AIM OF THE EXERCISE =
Start at the first line below and write out everything verbatim except the pictures.
=== DATA SECTION ===
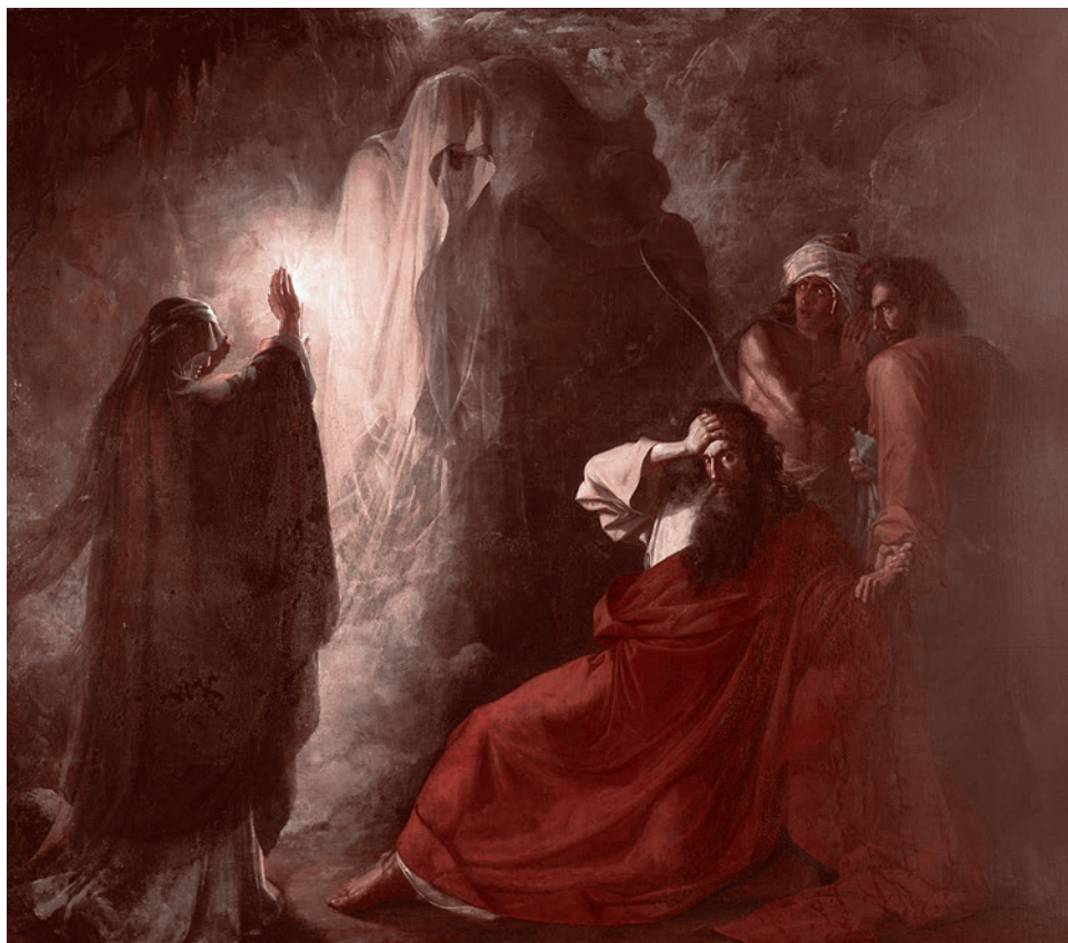
Дмитрий Мартынов. Тень Самуила, вызванная Саулом. 1857
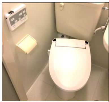
温水洗浄便座 新規設置
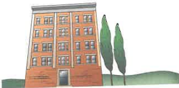
el edificio de apartamentos
===
REPLY TO THE EXERCISE =
Дмитрий Мартынов. Тень Самуила, вызванная Саулом. 1857
温水洗浄便座 新規設置
el edificio de apartamentos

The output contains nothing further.